Alcatel-Lucent said that its “efforts to drive profitability and strengthen margins have continued to bear fruit”, as it heads towards its planned combination with Nokia, although its bottom line suffered due to impairment charges.

Philippe Camus, chairman and CEO, said of the deal: “The process is now moving into its final stages, and between the two companies, we are extremely confident of concluding it, as previously indicated, in the first quarter of next year – with a new and exciting global powerhouse in communications technology emerging as a result.”

The company reported a loss attributable to shareholders of €206 million, compared with a loss of €18 million in the prior-year period, on revenue of €3.43 billion, up 5 per cent. At constant currency, revenue would have declined by 6 per cent.

The increase in red ink was attributed to a non-cash impairment charge related to Alcatel-Lucent Submarine Networks, to the tune of €193 million.

It said that its adjusted operating income of €212 million was up 42 per cent year-on-year.

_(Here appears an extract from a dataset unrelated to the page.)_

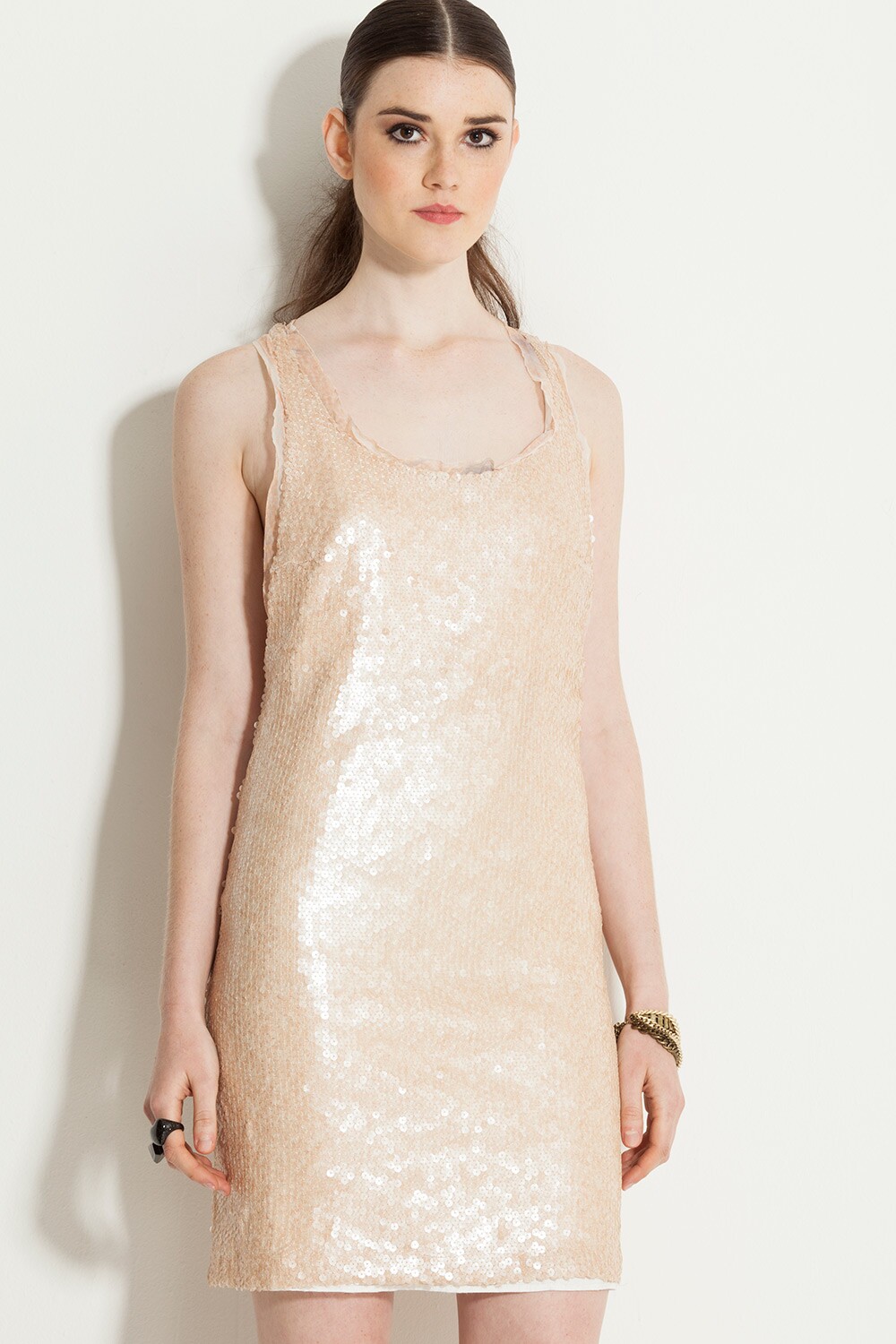 Vestido todo coberto de paetês com decote nadador nas costas. Lindo para vários tipos de festa, da balada ao evento chique. Possui detalhe discreto de tule contornando o decote. Fica lindo em um look todo nude ou em contraste com o pink ou o preto, fazendo a linha moderna rock and roll. Para arrasar! Tam. aproximado: 40 Tam. na etiqueta: M Busto: 88 cm (medida da circunf. sem esticar) Cintura: 78 cm (medida da circunf. sem esticar) Quadris: 84 cm (medida da circunf. sem esticar) Comp.: 89 cm (medido do ombro até a barra) Obs.: o tecido estica Marca na etiqueta: Les Parents Cor: nude ou salmão bem clarinho Material: paetês; 100% poliéster; forro 100% poliéster Condição: novo, em perfeito estado
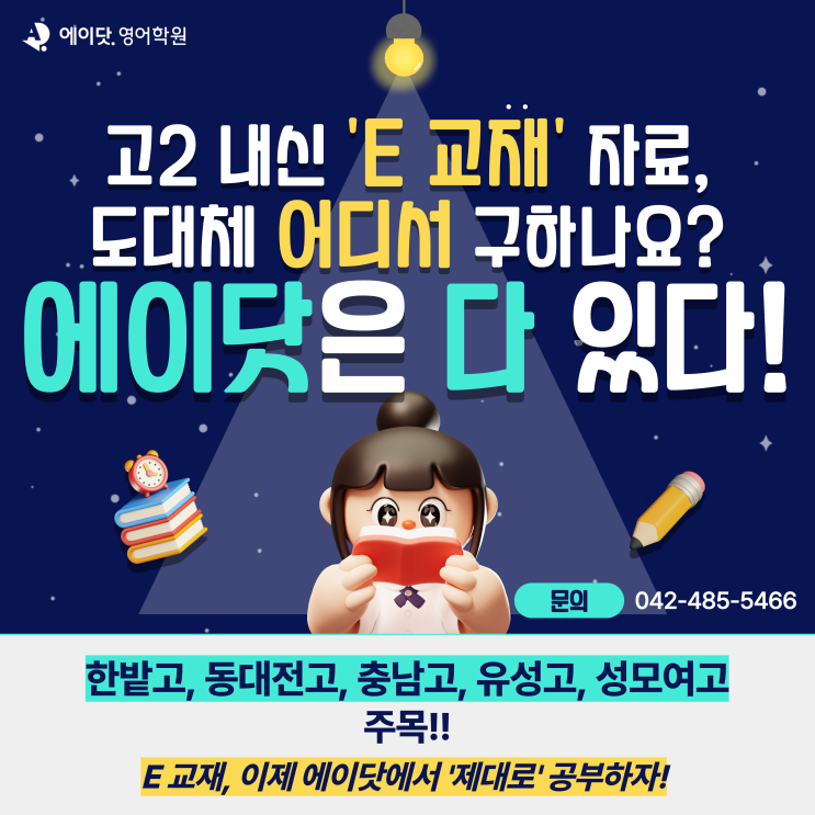 안녕하세요. 에이닷 대전서구점입니다. 3월이 되면서 새 학기가 시작되었습니다. 개학과 동시에 학생들과 학부모님들의 가장 큰 관심사는 바로 내신 대비입니다. 최근 학교 현장에서 특히 많이 언급되는 것이 바로 << 부교재로 사용되는 ‘E 교재’>> 입니다. 점점 늘어나고 있는 ‘E 교재’ 사용 학교 현재까지 알려진 학교만 해도 한밭고, 동대전고, 충남고, 유성고, 성모여고 등이 있습니다. 하지만 실제로는 이 외에도 ‘E 교재’를 사용하는 학교가 더 있을 것으로 예상되고 있습니다. 문제는 이 교재가 내신 대비가 쉽지 않은 교재라는 점입니다. 왜 ‘E 교재’ 대비가 어려울까요? 가장 큰 이유는 자료 부족입니다. ‘E 교재....... <img src="https://blogthumb.pstatic.net/MjAyNjAzMDZfMTUy/MDAxNzcyODAxMjcxODE2.aqmwj3yawerGrL8RaYNQB8eHz_w2ELSbl0-6OXl4ROwg.3JimhBq_TeFoSI0RCElsF7Q3S8DI1Qc3Vq7wfYJHpBUg.PNG/%C1%A6%B8%F1%C0%BB_%C0%D4%B7%C2%C7%D8%C1%D6%BC%BC%BF%E4._%2829%29.png?type=s3" />

For its Core Networking unit, adjusted operating income increased 28 per cent to €151 million, on revenue of €1.61 billion, up 11 per cent. The improvement in profitability was attributed to improvements in its IP Platforms business.

For the Access unit, adjusted operating income increased 21 per cent to €83 million on revenue of €1.81 billion, which was essentially flat. Within this, Wireless Access revenue increased 1 per cent to €1.18 billion, although this was down 13 per cent at constant currency.

It said that the Wireless unit benefited from continued LTE deployments and volume catch-up from the prior quarter, and its “focus on the development of 5G networks continues to progress”.

And it also said that fixed cost savings of €126 million in the quarter led to a total of €872 million, or “more than 90 per cent” of the objectives set out under the company’s Shift Plan.